Het viel mij op dat de jonge wrattige twijgen
kantig en gemakkelijk door te breken waren,
terwijl de schors van de oude stam sterk
gegroefd was en het hout keihard bleek te
zijn. De schors van enkele Vlieren op de
vuilnisbelt was voor een groot gedeelte
bedekt met fluweelmos. Een mossoort met
kleine blaadjes, die je vaak op Vlieren
aantreft.
Judasoor
Paddestoelen hebben vaak betekenisvolle
namen. Denk daarbij aan de Aardappelbovist,
het Eekhoorntjesbrood, het Geweizwammetje
enz. Zo is er ook een paddestoel, die de naam
Judasoor draagt. Een tamelijk zeldzame
paddestoel, die hoofdzakelijk te vinden is aan
…… de Vlier. Op plaatsen waar oude
vlierbomen staan, moet u maar eens naar die
paddestoel zoeken. Hij heeft de vorm van een
oor en is bruinrood van kleur en zacht
behaard.

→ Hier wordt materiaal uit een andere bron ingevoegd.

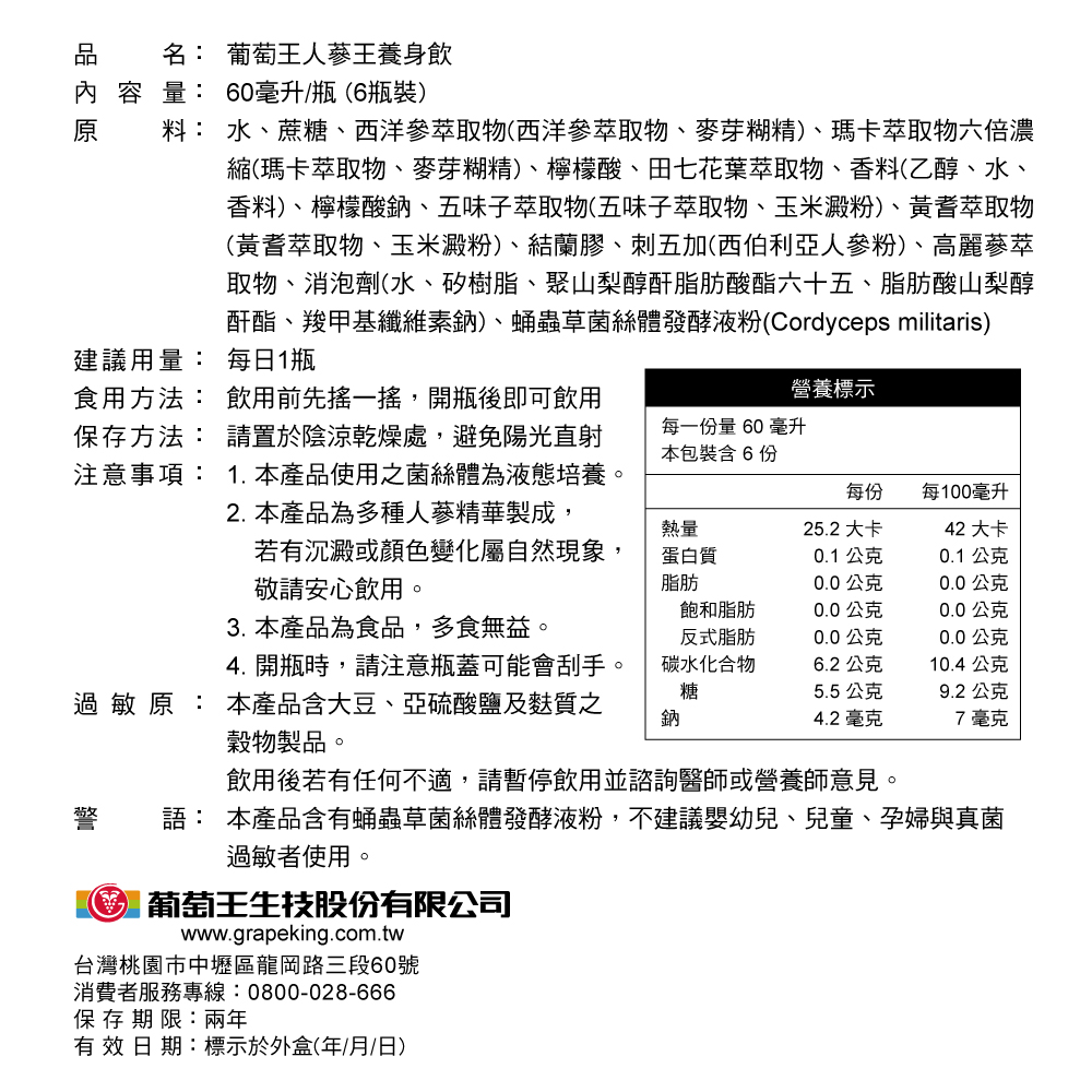 葡萄王人蔘王養身飲60mlx6瓶禮盒
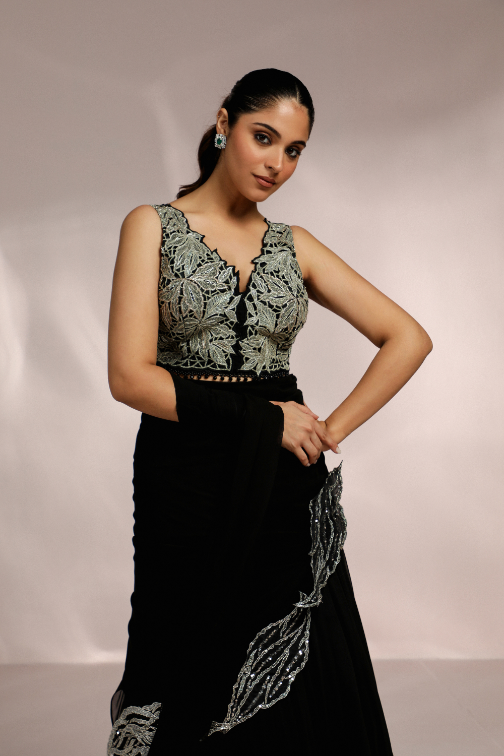 BLACK CUTWORK LEAF BLOUSE WITH DRAPED DUPATTA SET
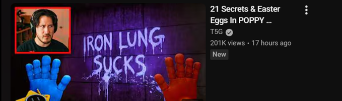 crazy how when iron lung came out mark was telling his community not to get mad at ppl if they didn’t like the movie and now he didnt like poppy playtime chapter 5 and suddenly he’s the only one who is not allowed to not enjoy a piece of media
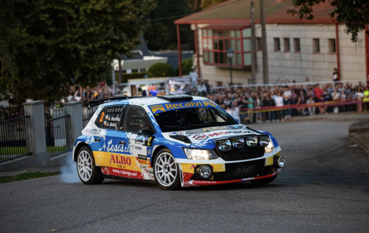 La dupla del Skoda imprimió un fuerte ritmo desde el tramo urbano disputado el viernes para distanciarse de sus rivales. Por detrás, Javier Ramos también hacía lo propio asentándose en la segunda plaza en su estreno del Hyundai i20 N Rally2, con nueva carrocería tras el golpe de Dani Berdomás en el Sur do Condado.
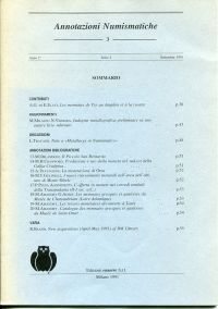 Annotazioni Numismatiche 3. Anno 1, Serie 1, Settembre 1991.
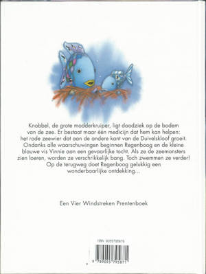 Knobbel, de modderkruiper is ziek. Alleen het rode zeewier dat aan het einde van de duivelskloof groeit, kan hem genezen. Maar over deze plek doen de ergste verhalen de ronde: daar wonen een driekoppige koraaldraak, een groen zeemonster met wel duizend armen en de zwarte, vijfogige kogelvis. De Duivelskloof is de gevaarlijkste plek van de zee. Moedig gaan Regenboog en Vinnie, de kleine blauwe vis op pad. Ze overwinnen hun angst en ontdekken dat ze zich de monsters zelf ingebeeld hebben. Nu kan Knobbel genezen worden.
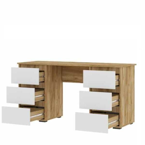 Письменный стол совмещает в себе рабочую поверхность с двумя тумбами, оснащенными тремя ящиками.
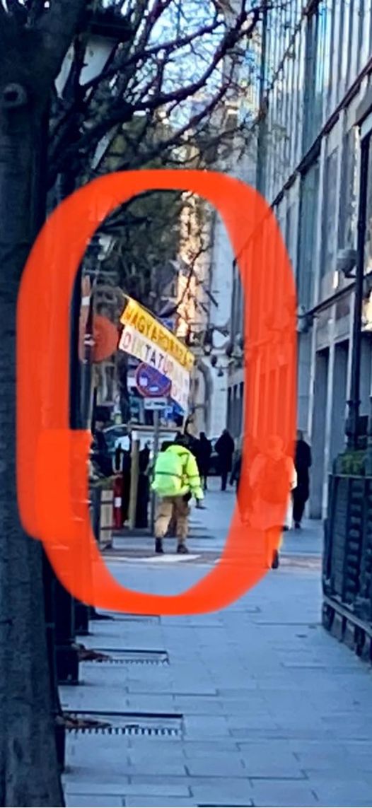 Ez az ember teljesen komolyan veszi a feladatát, szerda reggel a belvárosban láthatósági mellényben cipel egy több méteres zászlót, MAGYARORSZÁG DIKTATÚRA O1G felirattal.
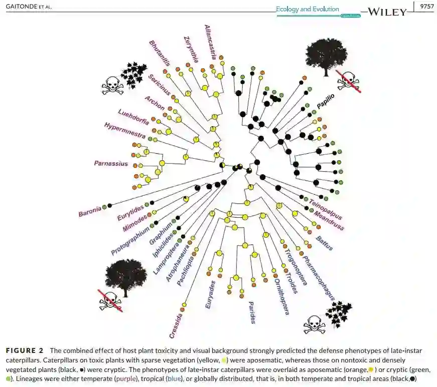 不同末龄毛毛虫防御策略与植物毒性和背景色间的系统关系 (内围点表示食物资源:黄色是有毒稀疏的植物,黑色是浓密无毒的植物)(外围点表示末龄毛虫防御策略:橘红色是警戒色,绿色是隐蔽色,蓝色是伪装)(字体颜色表示植物分布:紫色是温带植物,蓝色是热带植物,黑色是温带和热带均有分布的植物)
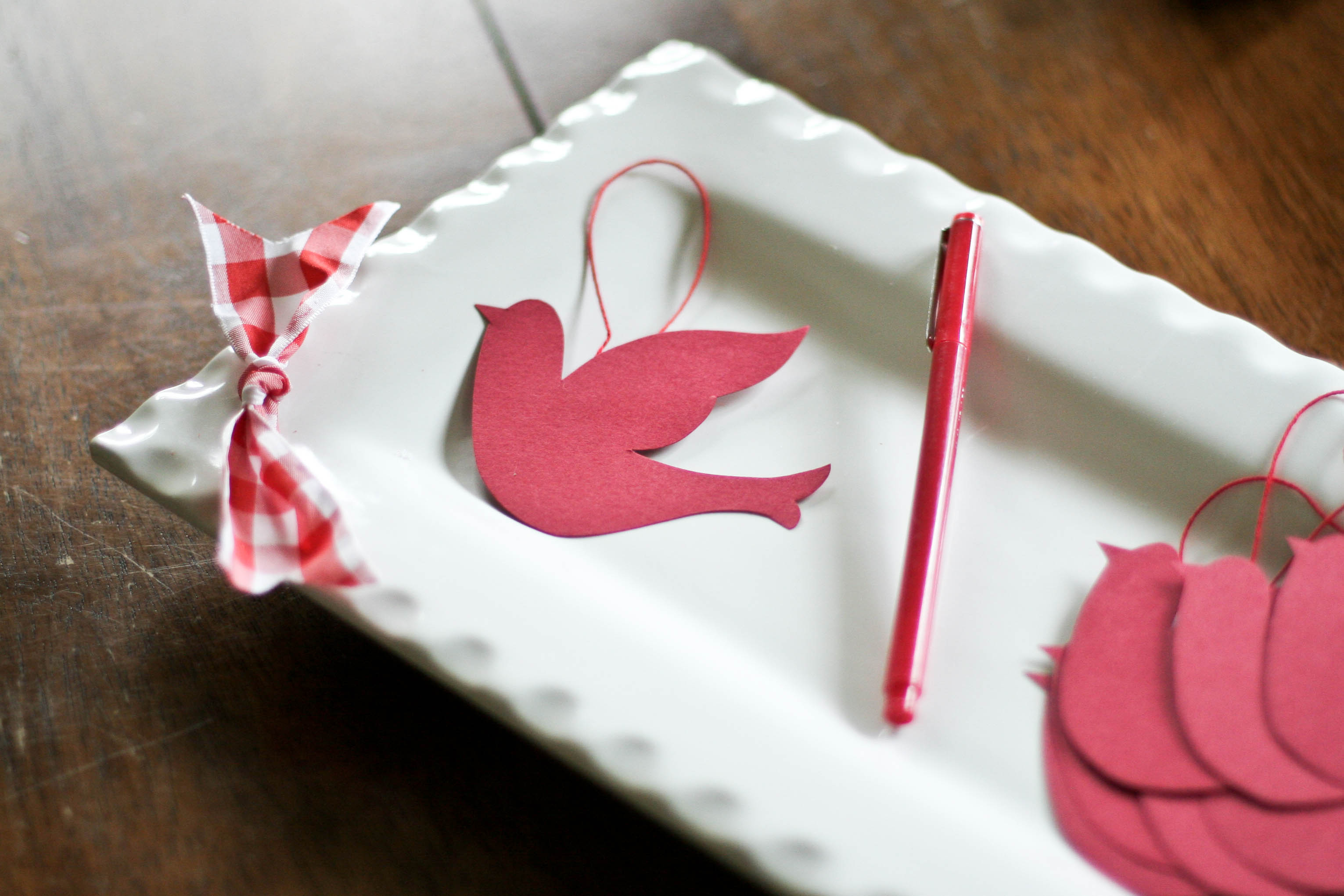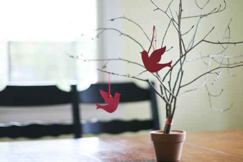A styrafoam block held the tree in place and I covered the top with a round piece of brown paper. The birds were cut out over a dreamy night by myself after all had gone to bed, just me, the dog, some scissors and Netflix. It was pure loveliness. You can find the bird template here, I have no printer since the move so I traced it right from the light of my screen.
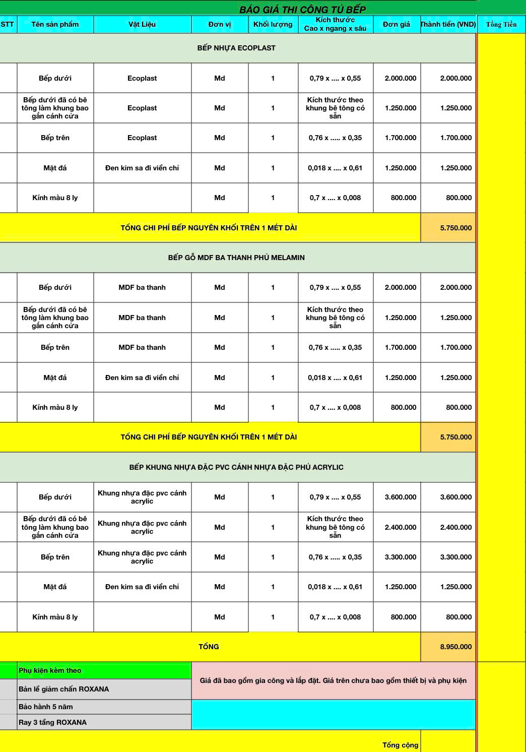 Chất Liệu Thi Công Bếp:
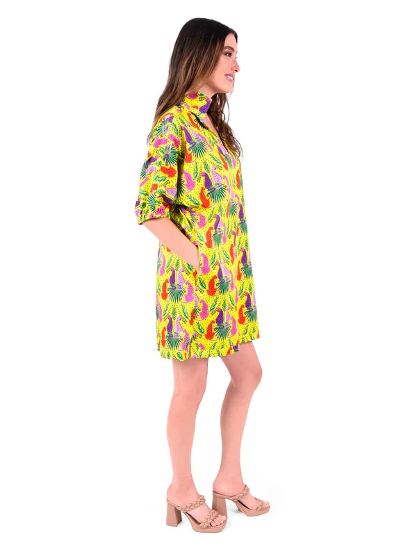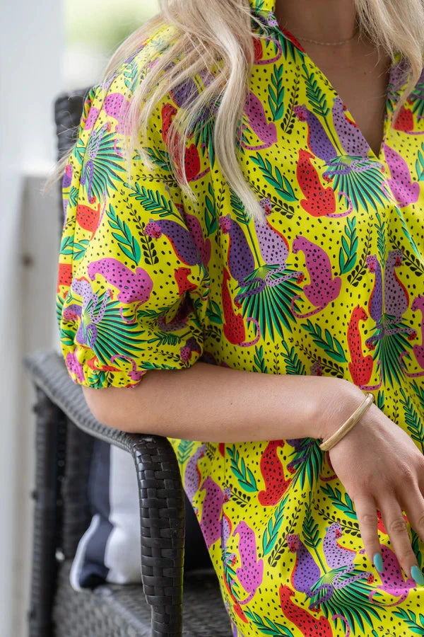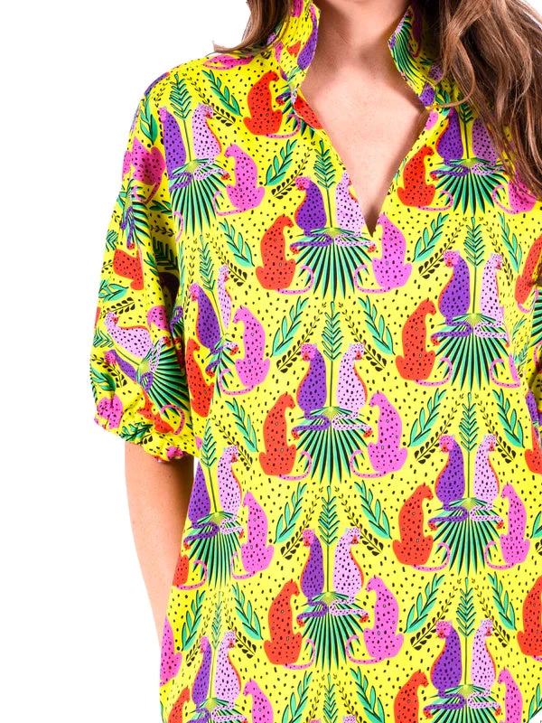 Our signature Poppy Dress in Peekaboo Cheetah is perfect for casual summer days and dressed up evenings. Loose fitting with an optional stand up collar and knee length hem. Dress up with a heel or go casual with a sneaker, the Poppy Dress is versatile for every style!
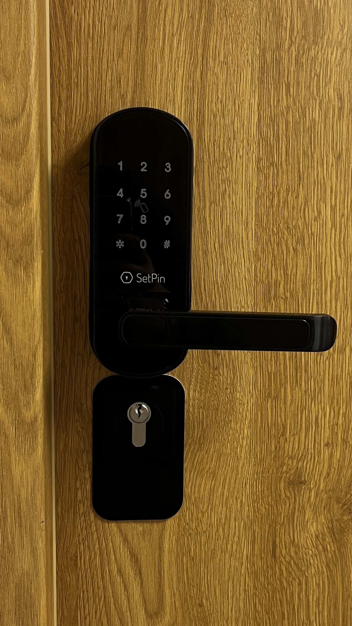 Určený pre dvere, u ktorých sa má existujúce kovanie odstrániť a nahradiť ho zámkom SetPin Standard SP-M21. Kryt zakrýva otvory na demontáž.
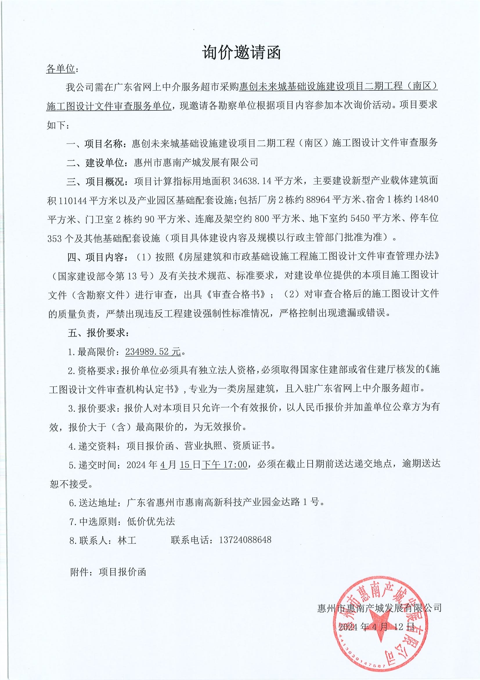 惠创未来城基础设施建设项目二期工程(南区)施工图设计文件审查服务询价邀请函
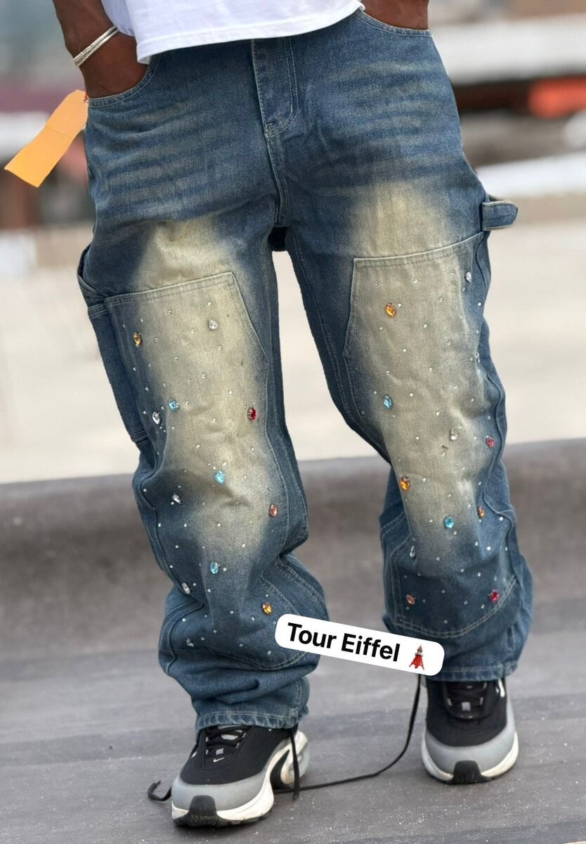 Découvrez ce jean décontracté orné de strass colorés qui apportent une touche de style unique à votre tenue. Idéal pour une sortie en ville ou un rendez-vous décontracté, ce jean allie confort et originalité. Fait de denim résistant avec des détails soignés, il s'adapte parfaitement à un style urbain moderne.

Vorig jaar heb ik die paddestoel
tijdens een excursie in Bakkeveen gevonden
op een oude Vlier. Een van de deelnemers
wist toen te vertellen, dat Judas zich, nadat
hij Jezus verraden had, opgehangen had aan
een Vlier. Door het afbreken van een tak was
hij daarbij een oor kwijt geraakt. Sinds die
tijd komt, als herinnering daaraan, op
sommige oude Vlieren het zogenaamde
Judasoor voor. Legenden rond bomen maken
deze nog interessanter dan ze al vaak zijn.